§ **Problem statement**: Exclude the images, then return every line below exactly as written.

§ **Given data**:
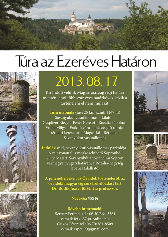A túra közel fele az ezeréves határon, több száz éves határkövek között zajlik! A pihenőhelyeken az Őrvidék történetéről, az őrvidéki magyarság sorsáról előadást tart Dr. Botlik József történész professzor.
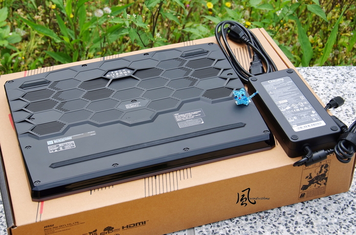 D面採用大面積蜂巢式散熱孔搭配特殊外型提升散熱能力與外型質感,下方為Mystic Light bar全景炫光燈效區域,最多可達1680萬色彩,變壓器搭配Chicony 280W,重量約866克,若加上電源線共為1019克。
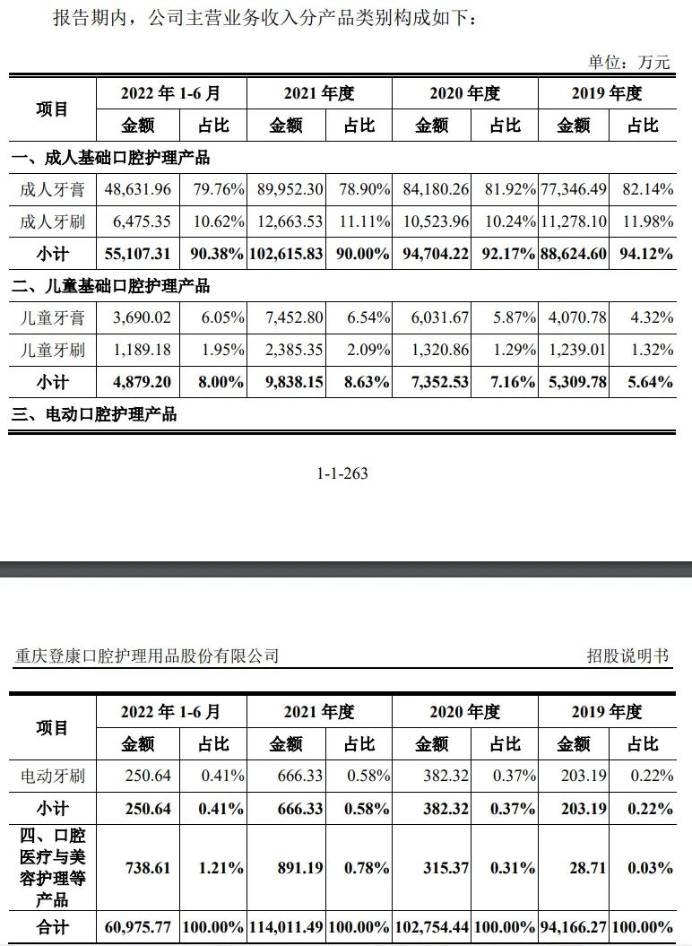 从品牌建设来看,公司的营收主要集中在成人基础口腔护理产品。招股书显示,2019年至2022年前六个月,公司成人基础口腔护理产品分别实现营收8.86亿元、9.47亿元、10.26亿元和5.52亿元,在主营业务收入的占比分别为94.12%、92.17%、90.00%和90.38%。而成人基础口腔护理产品中,又以知名品牌“冷酸灵”的贡献最大。
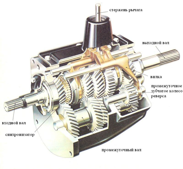 Коробка передач состоит из картера, в котором расположены входной, промежуточный и выходной валы с шестернями и синхронизаторами, и механического привода переключения передач.
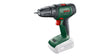 Bosch Universal Drill 18V. Diseño de producto: Taladro de pistola, Tipo de broca: Sin llave, Color del producto: Negro, Verde. Capacidad de sujección (max): 1 cm, Velocidad de giro al ralentí (máx.): 1450 RPM, Diámetro de perforación en madera (max): 3 cm. Fuente de energía: Batería, Capacidad de la batería: 1,5 Ah, Voltaje de la pila: 18 V. Peso: 1,2 kg

§ **Answer below**:
A túra közel fele az ezeréves határon, több száz éves határkövek között zajlik! A pihenőhelyeken az Őrvidék történetéről, az őrvidéki magyarság sorsáról előadást tart Dr. Botlik József történész professzor.
 D面採用大面積蜂巢式散熱孔搭配特殊外型提升散熱能力與外型質感,下方為Mystic Light bar全景炫光燈效區域,最多可達1680萬色彩,變壓器搭配Chicony 280W,重量約866克,若加上電源線共為1019克。
 从品牌建设来看,公司的营收主要集中在成人基础口腔护理产品。招股书显示,2019年至2022年前六个月,公司成人基础口腔护理产品分别实现营收8.86亿元、9.47亿元、10.26亿元和5.52亿元,在主营业务收入的占比分别为94.12%、92.17%、90.00%和90.38%。而成人基础口腔护理产品中,又以知名品牌“冷酸灵”的贡献最大。
 Коробка передач состоит из картера, в котором расположены входной, промежуточный и выходной валы с шестернями и синхронизаторами, и механического привода переключения передач.
 Bosch Universal Drill 18V. Diseño de producto: Taladro de pistola, Tipo de broca: Sin llave, Color del producto: Negro, Verde. Capacidad de sujección (max): 1 cm, Velocidad de giro al ralentí (máx.): 1450 RPM, Diámetro de perforación en madera (max): 3 cm. Fuente de energía: Batería, Capacidad de la batería: 1,5 Ah, Voltaje de la pila: 18 V. Peso: 1,2 kg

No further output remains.